I Have No “Driving While Black” Stories

Back in February 2014, a good friend invited me to deliver a presentation as part of a Black History Month panel before a lunchtime gathering at the University of California, San Diego. The general topic was “Fifty years ago, a landmark Civil Rights Act promised to transform America. The UC San Diego Library presents a scholarly panel discussion on the legacy of that act and the state of civil rights today.” Three black UC San Diego professors served on the panel, and I was there in my capacity as a former law professor. I argued that there were obvious gains under the 1964 Civil Rights Act, and we should be thankful for the better world we live in. I even compared the treatment of a black motorist in San Diego in the 1940s with the college road trip we took with our boys in 2013. I had no “Driving While Black” stories. I relayed stories of wonderful road trips to Stanford and Yale.

Here’s a recap: It is time for the college road trip. My eldest son is applying to college. I rent a car for the long trip up to the Bay Area and back. We pack snacks because we want to save money, not because of a Jim Crow world. We drive up the 5 through Orange County and Los Angeles. We got a late start, so we are traveling at night through Ventura County and on up the coast to Santa Barbara. I love Santa Barbara, but it is dark when we arrive. We check into this coastal motel and crash. The next morning, we check out the best breakfast place in Santa Barbara. While we are there, my eldest son meets Bruce of the Beach Boys. Bruce shares breakfast with us and urges my eldest son to apply to college in Australia. Very cool moment. We then hit the road and travel a long drive up to San Francisco and the University of San Francisco (USF). A black tour guide attempts to sell my son on USF. We then drive across the Golden Gate Bridge, frolic in Sausalito, and spend the night in Danville, one of the most affluent communities in the state. We stay at the Best Western Inn. My eldest son roams around town. He convinces me to have dinner at this vegan place. We do, and he concludes it is too hippie. We then cruise down to the University of California, Berkeley, have lunch at this football-themed restaurant chosen by my son, and then it’s off to Stanford. We eat dinner at this upscale restaurant that caters to venture capitalists and Silicon Valley types. The boys love the place. We get a late start going home, and I just can’t make it back to San Diego. We find some motel in the middle of nowhere and crash. We buy gas in Ventura County and eat fast food at McDonald’s. Then we head home.

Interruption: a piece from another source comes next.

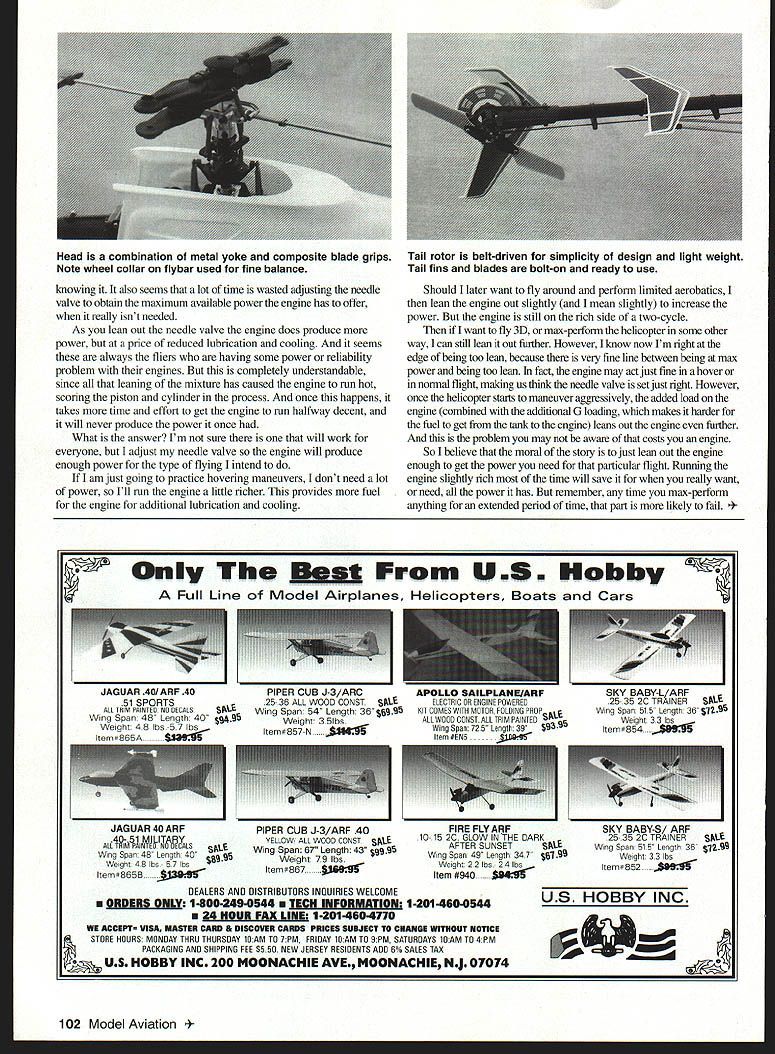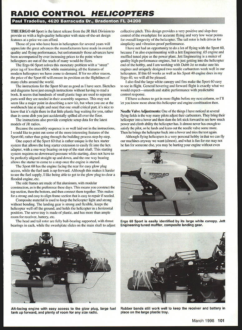 RADIO CONTROL HELICOPTERS THE ERGO 60 Sport latest release JR Heli Division provide us high-quality helicopter state-of-the-art design features price can afford have helicopters several years will appreciate great advances manufacturers have made overall quality flying performance unfortunately advances have accompanied ever increasing prices point helicopters out reach would-be fliers Ergo 60 Sport solves monetary problem street price tag less $500 maintaining features modem helicopters have come demand no other reason price Sport 60 will ensure its position flightlines clubs around world instructions Sport 60 good have seen Sketches diagrams have just enough instructions having read book seems hundreds small plastic bags used separate parts until needed assembly sequence may seem like major point describing new kit workbench late night need small critical part its nice know its right little plastic bag waiting rather some dish just accidentally spilled over floor instructions also provide complete setup data latest models JR radios Because assembly sequence well laid out instructions would like point out some interesting features Sport 60 rather going through building process step-by-step aspect Sport 60 rather unique hex starter system allows long starter extension easily fit hex adapter one-way bearing top start shaft starting system requires no downward pressure starting does have perfectly aligned straight up down way hearing allows starter come stop once engine started Sport 60 has engine facing rear easy glow plug access fuel tank up forward Although makes harder see fuel supply like being able get glow plug clear flooded engine etc side frames made flat aluminum modular construction preference days means construct top section bottom connect together makes strong easy align frame section easy repair needed Composite material used keep helicopter light strong bending landing gear strong flexible keeps helicopter well off ground holds helicopter horizontal position servo tray made plastic has ample room receiver battery etc head tall rotor fully ball-bearing supported thrust bearings swashplate slides main shaft adjust collective pitch design provides very positive slop-free control swashplate accurate flying very low wear points overall longevity helicopter tail rotor belt driven simplicity vibration-proof performance have opportunity lot flying Sport 60 because Im also experimenting Jett Engineering 65 engine muffled tuned pipe power plant Jett Engineering maker quality high-performance engines just getting helicopter end hobby am working Dubb Jet make sure engines uniquely designed two needle carburetors work well helicopters 65 works well Sport 40 engine does Ergo 40 will pleased also find large white canopy fins make Sport 60 easy see flight General hovering forward flight exactly what would expectsmooth stable performance predictable control response Ill have chance get flights before next column Ill let know about helicopter engine combination Needle Valve Adjustments things have noticed several flying fields way pilots adjust carburetors bring helicopter hover slam left stick forward see much power climb ability helicopter has almost never has enough satisfy pilot lands leans out needle valve some brings helicopter back hover tries test again Although flying helicopters very personal hobby can fly machines anyway want almost what fun may fun someone else may hurting engine March 1998 101 Ergo 60 Sport easily identified its large white canopy Jett Engineering tuned muffler composite landing gear Aft-facing engine easy access glow plug large fuel tank up forward plenty room size radio Rubber bands still work well keep receiver battery place large plastic tray knowing also seems lot time wasted adjusting needle valve obtain maximum available power engine has offer really isnt needed As lean out needle valve engine does produce power price reduced lubrication cooling seems always fliers having some power reliability problem engines completely understandable since leaning mixture has caused engine run hot scoring piston cylinder process once happens takes time effort get engine run halfway decent will never produce power once What answer Im sure will work everyone adjust needle valve engine will produce enough power type flying intend am just going practice hovering maneuvers dont need lot power Ill run engine little richer provides fuel engine additional lubrication cooling Should later want fly around perform limited aerobatics lean engine out slightly mean slightly increase power engine still rich side two-cycle want fly 3D max-perform helicopter some other way can still lean out further However know now Im right edge being too lean because very fine line between being max power being too lean fact engine may act just fine hover normal flight making us think needle valve set just right However once helicopter starts maneuver aggressively added load engine combined additional G loading makes harder fuel get tank engine leans out engine further problem may aware costs engine So believe moral story just lean out engine enough get power need particular flight Running engine slightly rich time will save really want need power has remember time max-perform anything extended period time part likely fall mfl US Hobby Full Line Model Airplanes Helicopters Boats Cars JAGUAR 4OIARF 40 PIPER CUB J-3/ARC 51 SPORTS 25-36 ALL WOOD CONST TRIM PAINtED NO DECALSSNl-Wing Span 54 Length 36 Wing Span 48 Length 40 Weight 3SIbs Weight 48 lbs -57 lbs Iteme857-N ... JAGUAR 4OARP Wing Span 48 Length 40 get 48 lbs -57 los Iteme8SSB 130oer PIPER CUB J3/ARF 40 YELLOW ALL WOOD CONST Wing Span 67 Length 43 Weight 79 lbs APOLLO SAILPLANE/ARF ELECTRIC OR ENGINE POWERED KIT COMES WITH MOTOR FOLDING PRDP~ ALL WOOD CONST ALL TRIM PAINTtD~ Wing Span 725 Length 39 Item #EN5 FIRE FLY ARF 10-15 2C GLOW INTHE DARK AFTER SUNSET SM-I Wing Span 40 Length 347 5-1•gg Weigh 22 Ibs- 24 lbs Item #940 SKY BABY-S/ ARF 25-35

Later that summer, my wife takes our three kids on a college road trip back east. They fly into a small town outside of Princeton, New Jersey, and stay with my wife’s cousin, who has three beautiful biracial children. The next day, my wife takes our teenage boys to the Big City, Manhattan, to tour New York University and Columbia. The next day, they drive to Yale to visit my wife’s old college. My son, a Yale legacy, has an admissions committee interview. Then, it is on to suburban Maryland where my wife and the kids stay with my wife’s sister, a Harvard College graduate, and her husband in an affluent suburb of Washington, D.C. The next day, my wife and kids are off to the University of Virginia in Charlottesville. They do fast food and eat at a nice soul food restaurant in Richmond, Virginia, chosen by my sister.

I am old enough to have attended an all-black segregated school in the South, and these are my stories about driving in today’s United States.

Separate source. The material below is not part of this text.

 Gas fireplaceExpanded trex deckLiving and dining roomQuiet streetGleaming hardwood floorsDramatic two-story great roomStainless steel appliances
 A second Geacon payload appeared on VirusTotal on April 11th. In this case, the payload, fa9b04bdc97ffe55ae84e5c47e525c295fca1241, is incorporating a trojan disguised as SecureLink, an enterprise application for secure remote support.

The other black professors piled on me like a ton of bricks. How dare I share my pleasant reality as a black dad on the road with my kids? As my friend later put it, she had “never seen a panel get quite so very animated, as generally most of the folks around here agree with one another.” And that’s the danger of the echo chamber in the academy nowadays. I literally tried to engage my fellow panelists as they ran away from me in fear and horror. I face radical politics at home, so I was aware that too many black people major in the minor. There are obvious gains under the 1964 Civil Rights Act, but for some reason, fear pervades black culture and consciousness. Small incidents are always blown out of proportion to scare black kids and adults too.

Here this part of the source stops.